How to complete this task:
Copy, pictures aside: the lines below from the one that holds "客厅的沙发背景墙做了简单造型" through the final line of the listing, both ends included, exactly as they are and nothing else.

Records provided:
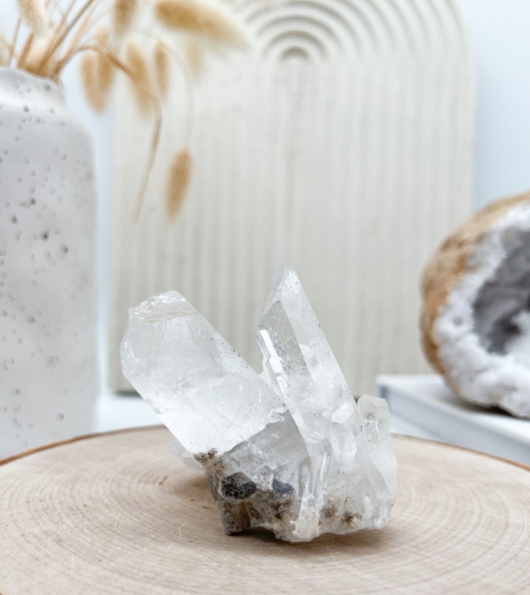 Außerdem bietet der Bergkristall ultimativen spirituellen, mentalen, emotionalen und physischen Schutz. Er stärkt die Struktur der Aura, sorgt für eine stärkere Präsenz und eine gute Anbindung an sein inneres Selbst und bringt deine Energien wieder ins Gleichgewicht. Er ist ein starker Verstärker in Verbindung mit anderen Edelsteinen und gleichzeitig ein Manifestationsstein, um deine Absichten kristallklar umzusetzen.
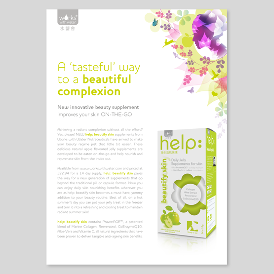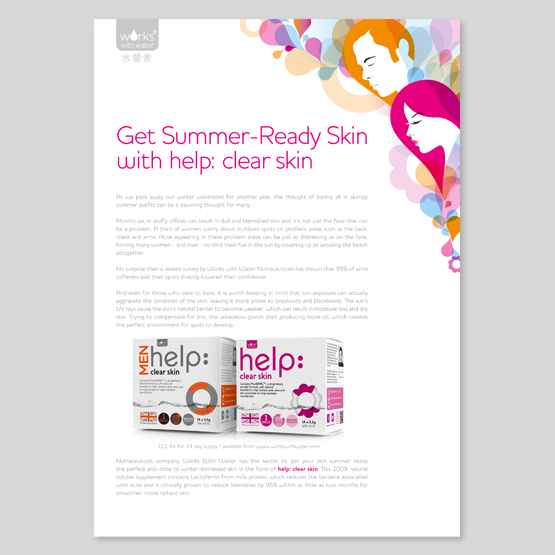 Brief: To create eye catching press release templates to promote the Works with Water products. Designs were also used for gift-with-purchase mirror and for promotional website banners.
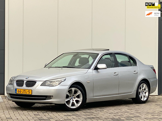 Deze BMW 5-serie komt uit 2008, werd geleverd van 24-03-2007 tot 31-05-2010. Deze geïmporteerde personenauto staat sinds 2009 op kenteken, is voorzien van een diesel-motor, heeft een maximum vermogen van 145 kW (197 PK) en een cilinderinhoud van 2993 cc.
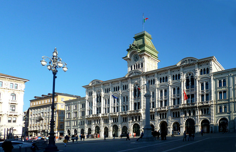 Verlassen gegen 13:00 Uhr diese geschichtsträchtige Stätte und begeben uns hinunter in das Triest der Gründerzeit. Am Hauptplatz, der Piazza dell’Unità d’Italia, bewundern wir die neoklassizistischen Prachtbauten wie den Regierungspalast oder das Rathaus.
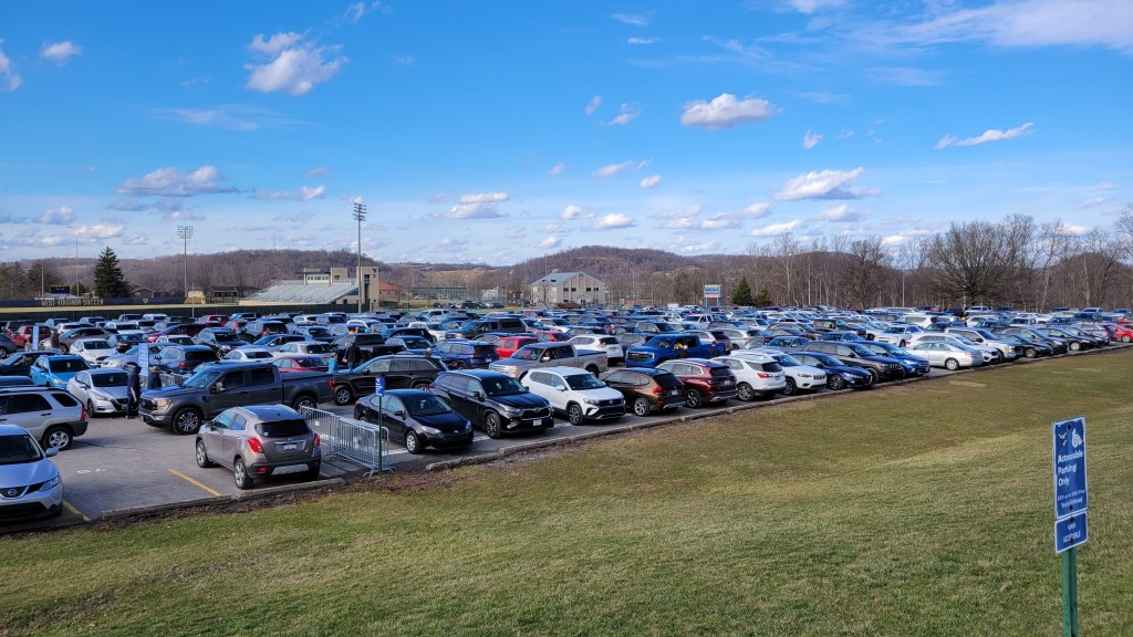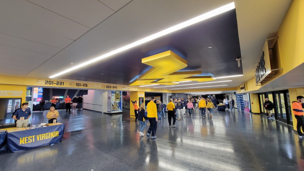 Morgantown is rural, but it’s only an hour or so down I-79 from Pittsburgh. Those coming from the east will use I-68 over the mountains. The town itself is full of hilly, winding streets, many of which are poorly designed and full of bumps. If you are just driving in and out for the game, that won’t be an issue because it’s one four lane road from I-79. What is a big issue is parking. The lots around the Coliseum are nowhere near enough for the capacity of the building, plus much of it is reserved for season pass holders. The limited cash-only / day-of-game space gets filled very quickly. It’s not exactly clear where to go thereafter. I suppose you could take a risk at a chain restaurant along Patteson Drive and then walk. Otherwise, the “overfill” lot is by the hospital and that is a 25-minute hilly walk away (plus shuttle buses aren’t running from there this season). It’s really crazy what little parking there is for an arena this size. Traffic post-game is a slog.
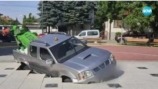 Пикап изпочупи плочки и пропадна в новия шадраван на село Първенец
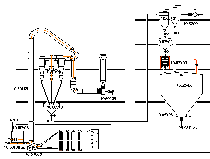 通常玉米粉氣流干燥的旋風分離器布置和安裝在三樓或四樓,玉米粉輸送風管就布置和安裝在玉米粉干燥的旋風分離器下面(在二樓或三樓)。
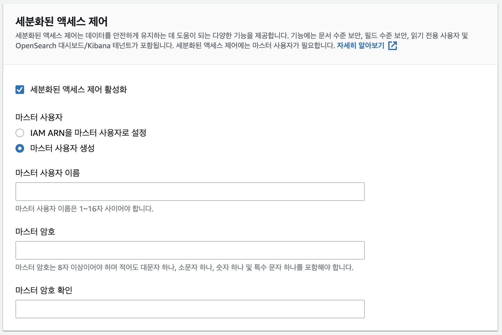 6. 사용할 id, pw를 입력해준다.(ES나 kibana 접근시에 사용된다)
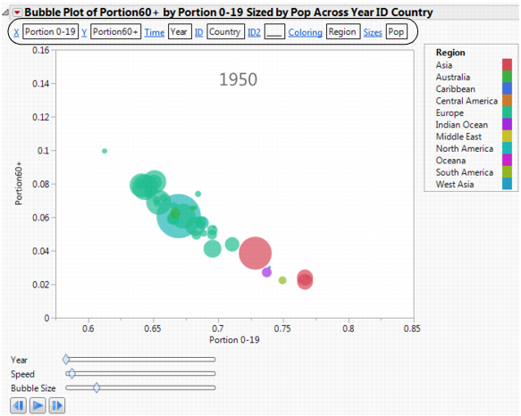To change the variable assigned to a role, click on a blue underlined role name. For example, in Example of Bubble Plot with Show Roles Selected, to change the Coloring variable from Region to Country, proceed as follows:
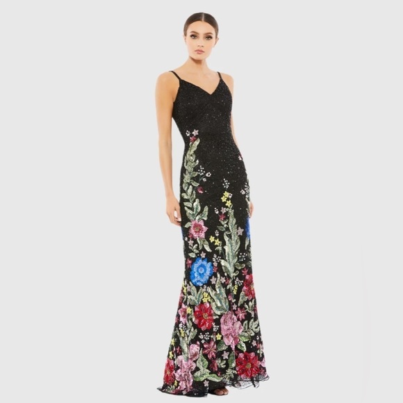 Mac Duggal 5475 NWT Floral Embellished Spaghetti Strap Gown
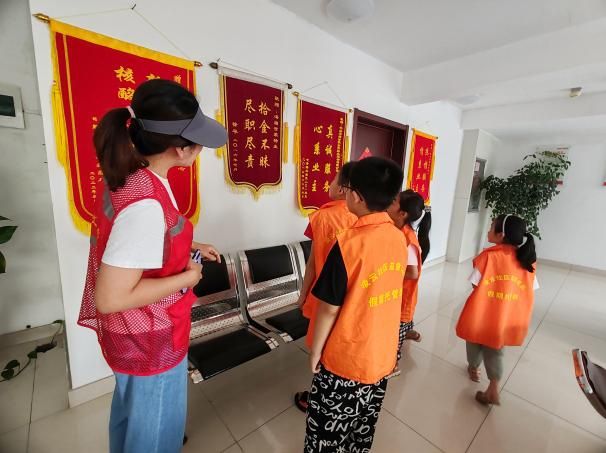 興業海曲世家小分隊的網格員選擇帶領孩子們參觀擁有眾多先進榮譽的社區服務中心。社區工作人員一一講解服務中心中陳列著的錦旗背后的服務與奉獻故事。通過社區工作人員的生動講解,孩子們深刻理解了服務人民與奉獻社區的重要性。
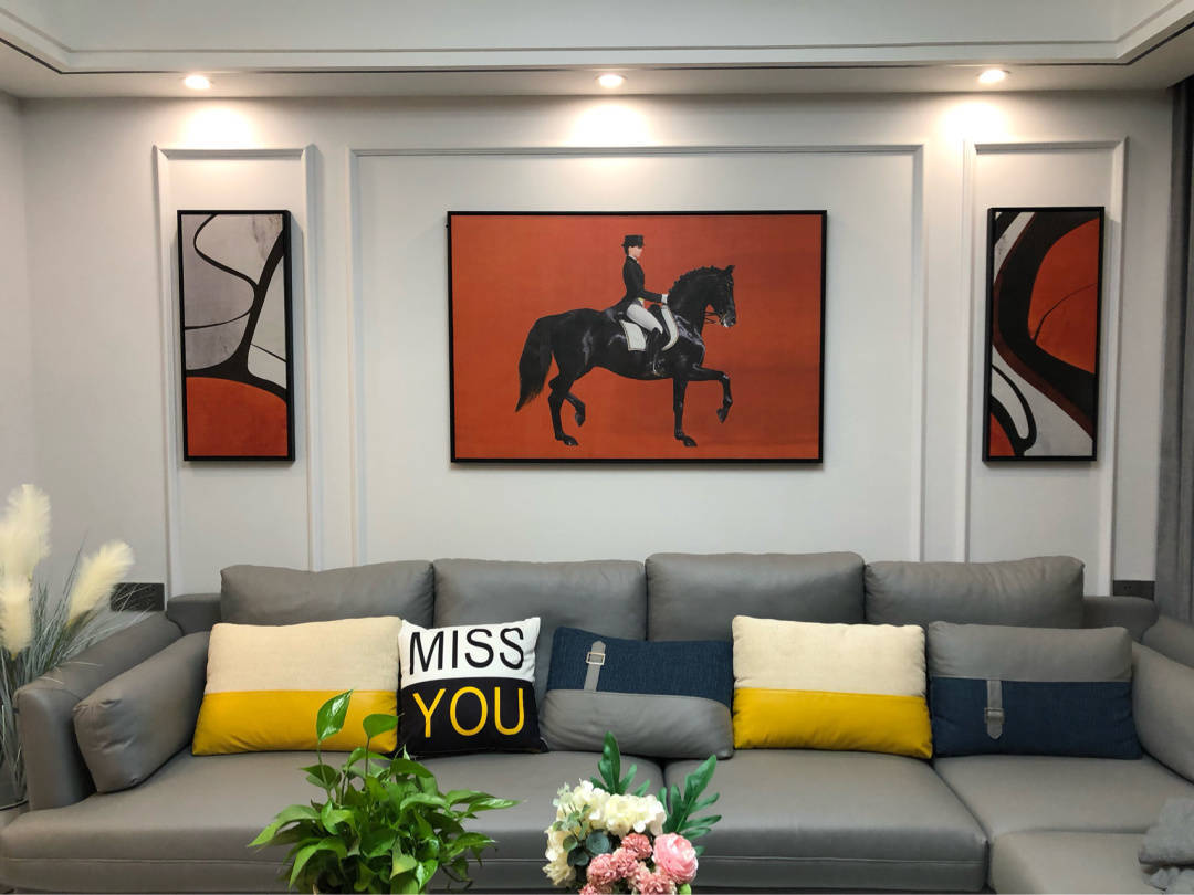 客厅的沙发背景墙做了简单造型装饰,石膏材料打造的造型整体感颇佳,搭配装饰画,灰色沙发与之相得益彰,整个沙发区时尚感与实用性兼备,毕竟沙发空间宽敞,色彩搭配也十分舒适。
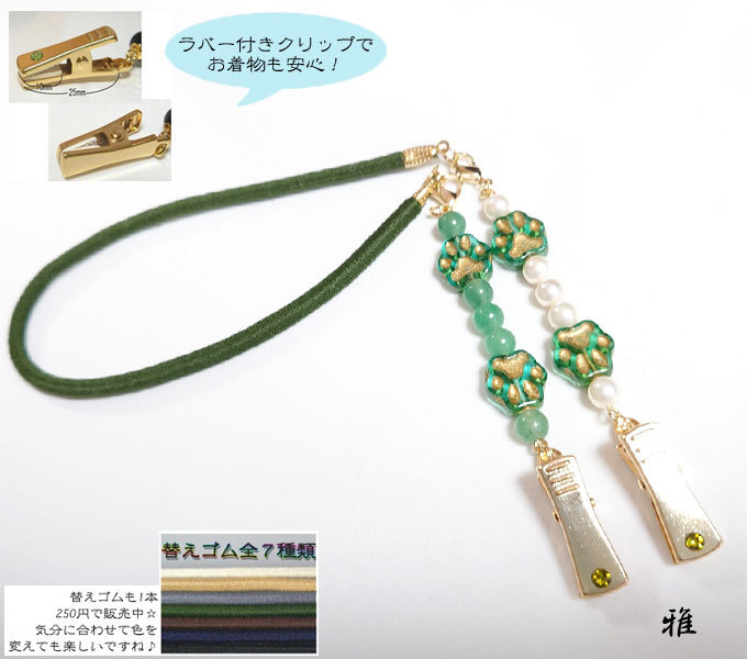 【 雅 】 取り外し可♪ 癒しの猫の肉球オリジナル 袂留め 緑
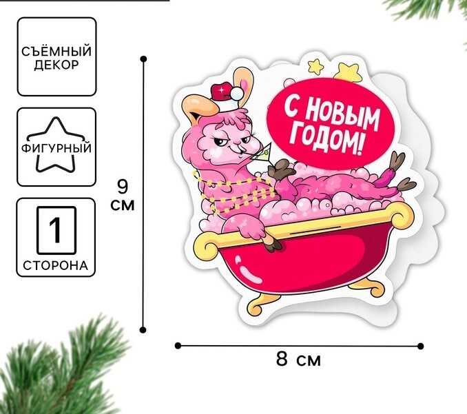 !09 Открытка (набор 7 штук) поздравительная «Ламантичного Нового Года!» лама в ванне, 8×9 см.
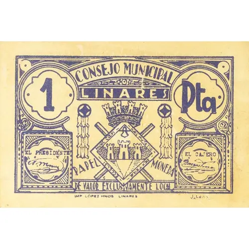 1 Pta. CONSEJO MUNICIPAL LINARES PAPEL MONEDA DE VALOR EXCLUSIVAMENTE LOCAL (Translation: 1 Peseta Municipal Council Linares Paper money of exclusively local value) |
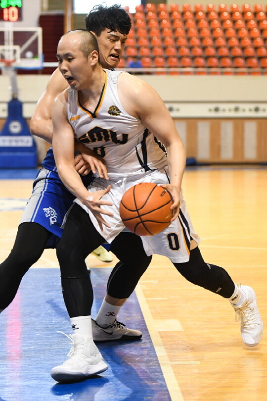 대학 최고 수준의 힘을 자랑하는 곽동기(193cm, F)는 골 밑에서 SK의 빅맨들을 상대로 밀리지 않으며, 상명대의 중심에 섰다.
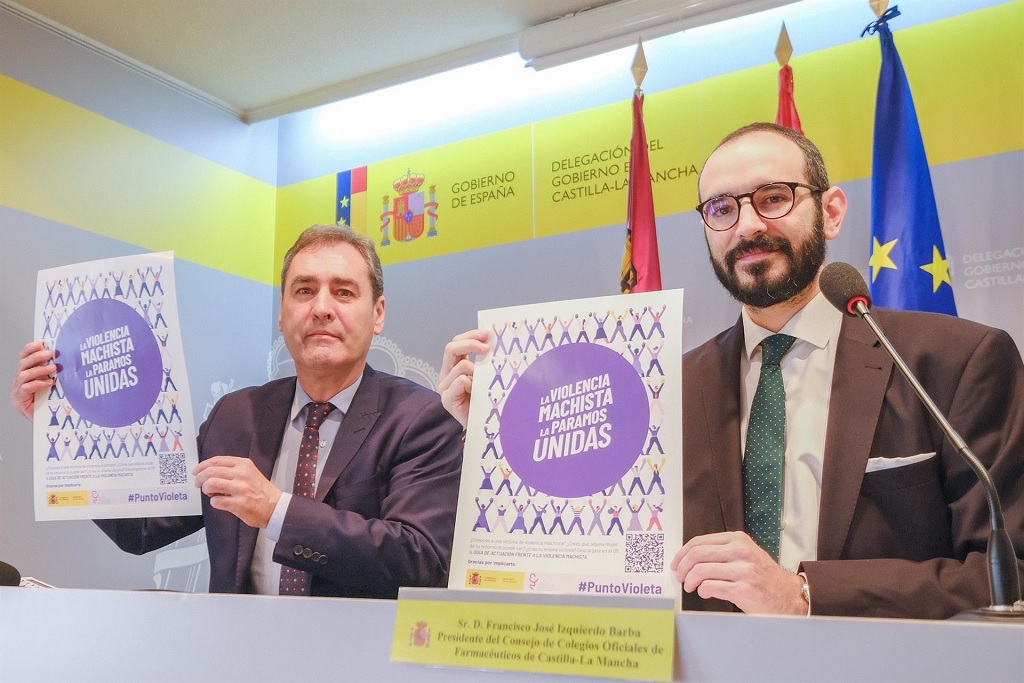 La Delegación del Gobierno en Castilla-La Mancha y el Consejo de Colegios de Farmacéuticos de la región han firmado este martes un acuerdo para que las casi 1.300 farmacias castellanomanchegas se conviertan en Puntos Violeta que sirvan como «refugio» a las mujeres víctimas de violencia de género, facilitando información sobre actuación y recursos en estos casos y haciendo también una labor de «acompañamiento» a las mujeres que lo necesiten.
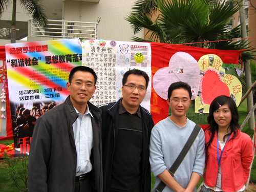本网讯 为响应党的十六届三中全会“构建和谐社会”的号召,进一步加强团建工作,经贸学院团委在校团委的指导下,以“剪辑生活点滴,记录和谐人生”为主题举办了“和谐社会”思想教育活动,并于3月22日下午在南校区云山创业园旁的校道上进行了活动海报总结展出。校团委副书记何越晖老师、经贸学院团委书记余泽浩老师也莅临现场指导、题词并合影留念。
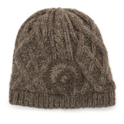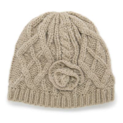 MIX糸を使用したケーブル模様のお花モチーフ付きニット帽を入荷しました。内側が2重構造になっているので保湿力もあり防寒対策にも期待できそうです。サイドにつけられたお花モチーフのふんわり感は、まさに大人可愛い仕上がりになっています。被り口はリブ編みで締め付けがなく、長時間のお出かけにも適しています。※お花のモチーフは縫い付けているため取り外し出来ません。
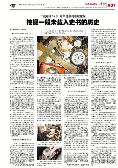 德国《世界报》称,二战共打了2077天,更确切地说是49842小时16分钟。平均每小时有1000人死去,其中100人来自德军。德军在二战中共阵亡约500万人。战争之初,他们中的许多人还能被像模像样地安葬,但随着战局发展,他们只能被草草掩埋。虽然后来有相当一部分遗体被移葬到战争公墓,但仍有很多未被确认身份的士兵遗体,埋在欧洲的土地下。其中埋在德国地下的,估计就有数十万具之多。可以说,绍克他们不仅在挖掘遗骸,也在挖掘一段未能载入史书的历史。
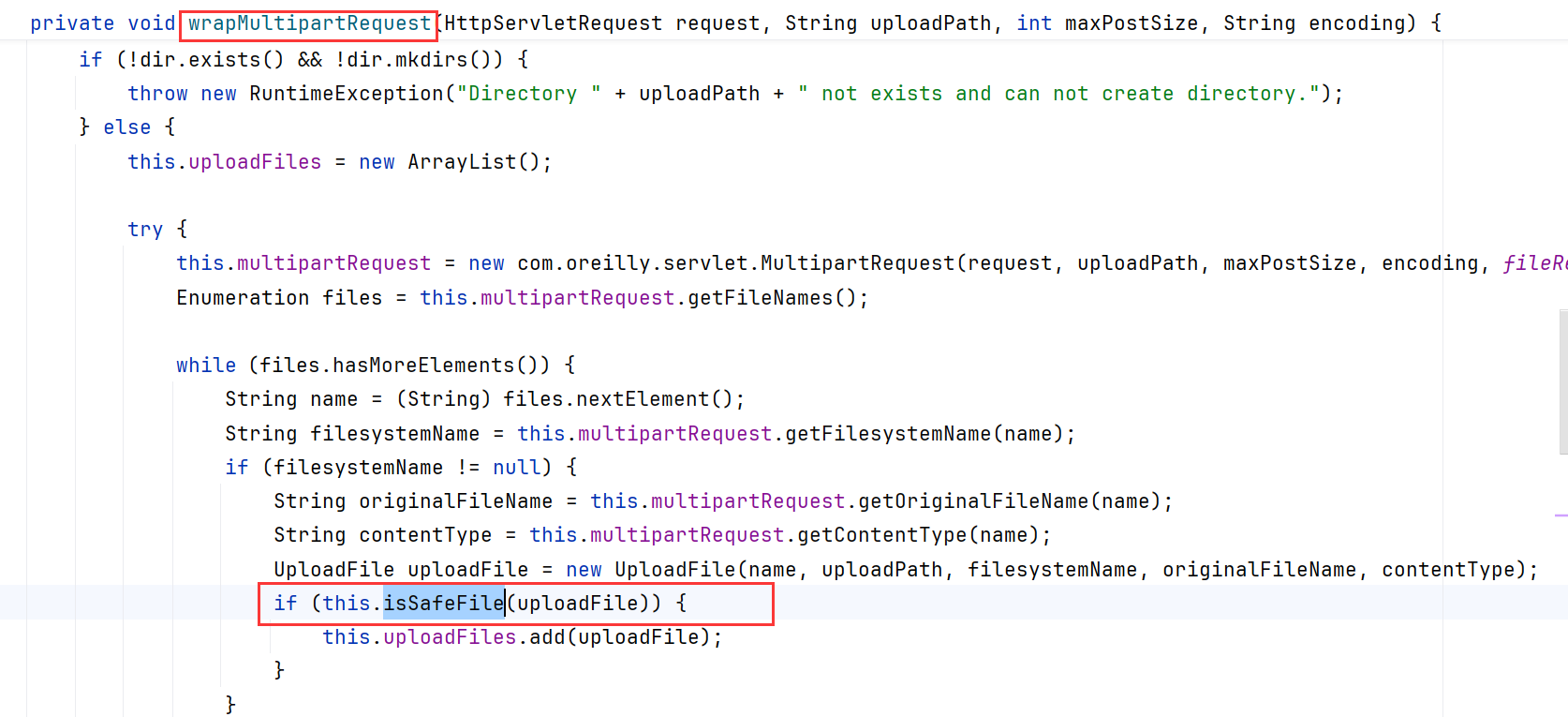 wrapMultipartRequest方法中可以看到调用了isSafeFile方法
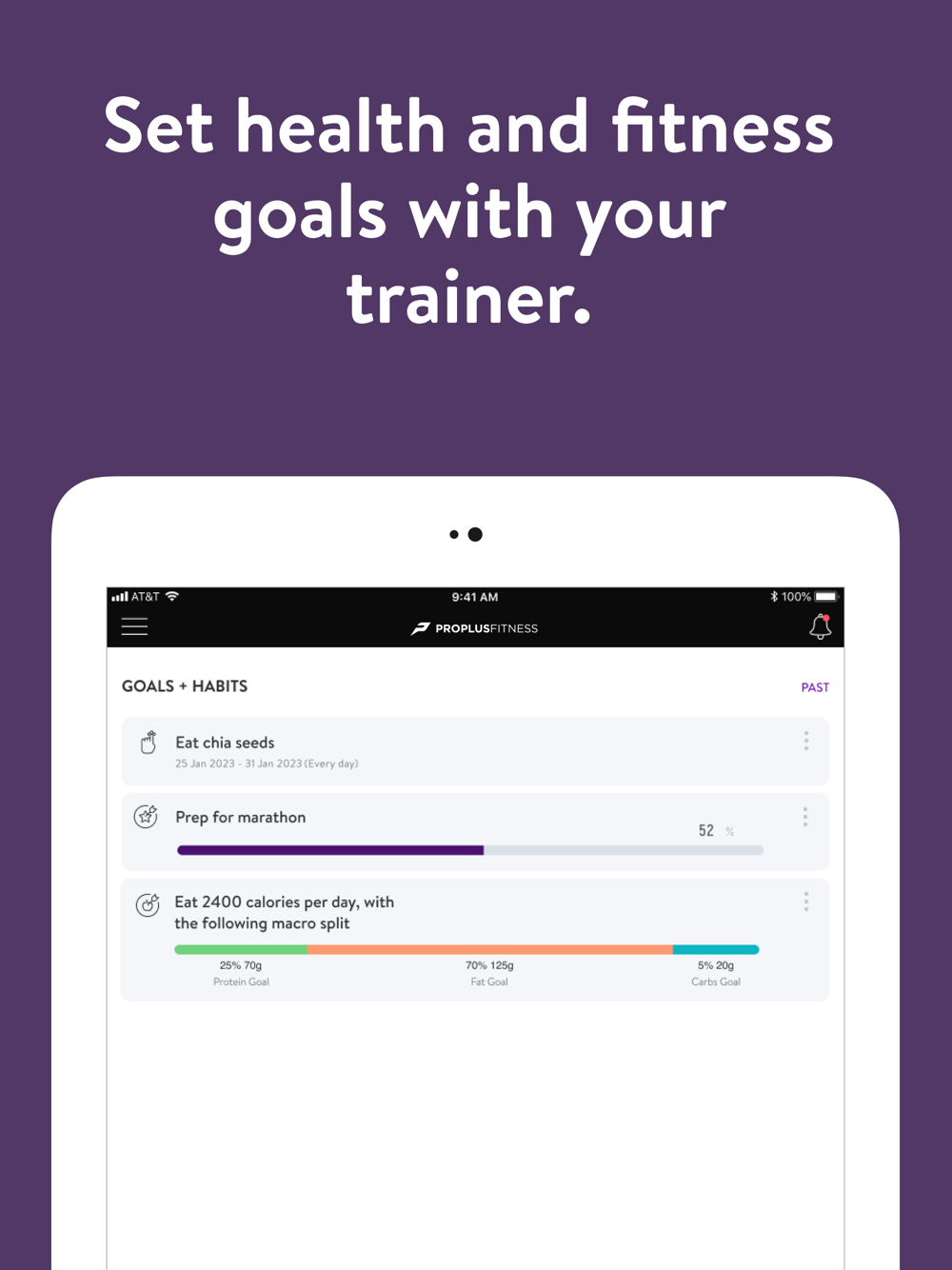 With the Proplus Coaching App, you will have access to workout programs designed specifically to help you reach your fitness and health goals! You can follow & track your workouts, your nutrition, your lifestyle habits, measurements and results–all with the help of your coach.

Written solution:
 客厅的沙发背景墙做了简单造型装饰,石膏材料打造的造型整体感颇佳,搭配装饰画,灰色沙发与之相得益彰,整个沙发区时尚感与实用性兼备,毕竟沙发空间宽敞,色彩搭配也十分舒适。
 【 雅 】 取り外し可♪ 癒しの猫の肉球オリジナル 袂留め 緑
 !09 Открытка (набор 7 штук) поздравительная «Ламантичного Нового Года!» лама в ванне, 8×9 см.
 1 Pta. CONSEJO MUNICIPAL LINARES PAPEL MONEDA DE VALOR EXCLUSIVAMENTE LOCAL (Translation: 1 Peseta Municipal Council Linares Paper money of exclusively local value) |
 대학 최고 수준의 힘을 자랑하는 곽동기(193cm, F)는 골 밑에서 SK의 빅맨들을 상대로 밀리지 않으며, 상명대의 중심에 섰다.
 La Delegación del Gobierno en Castilla-La Mancha y el Consejo de Colegios de Farmacéuticos de la región han firmado este martes un acuerdo para que las casi 1.300 farmacias castellanomanchegas se conviertan en Puntos Violeta que sirvan como «refugio» a las mujeres víctimas de violencia de género, facilitando información sobre actuación y recursos en estos casos y haciendo también una labor de «acompañamiento» a las mujeres que lo necesiten.
本网讯 为响应党的十六届三中全会“构建和谐社会”的号召,进一步加强团建工作,经贸学院团委在校团委的指导下,以“剪辑生活点滴,记录和谐人生”为主题举办了“和谐社会”思想教育活动,并于3月22日下午在南校区云山创业园旁的校道上进行了活动海报总结展出。校团委副书记何越晖老师、经贸学院团委书记余泽浩老师也莅临现场指导、题词并合影留念。
 MIX糸を使用したケーブル模様のお花モチーフ付きニット帽を入荷しました。内側が2重構造になっているので保湿力もあり防寒対策にも期待できそうです。サイドにつけられたお花モチーフのふんわり感は、まさに大人可愛い仕上がりになっています。被り口はリブ編みで締め付けがなく、長時間のお出かけにも適しています。※お花のモチーフは縫い付けているため取り外し出来ません。
 德国《世界报》称,二战共打了2077天,更确切地说是49842小时16分钟。平均每小时有1000人死去,其中100人来自德军。德军在二战中共阵亡约500万人。战争之初,他们中的许多人还能被像模像样地安葬,但随着战局发展,他们只能被草草掩埋。虽然后来有相当一部分遗体被移葬到战争公墓,但仍有很多未被确认身份的士兵遗体,埋在欧洲的土地下。其中埋在德国地下的,估计就有数十万具之多。可以说,绍克他们不仅在挖掘遗骸,也在挖掘一段未能载入史书的历史。
 wrapMultipartRequest方法中可以看到调用了isSafeFile方法
 With the Proplus Coaching App, you will have access to workout programs designed specifically to help you reach your fitness and health goals! You can follow & track your workouts, your nutrition, your lifestyle habits, measurements and results–all with the help of your coach.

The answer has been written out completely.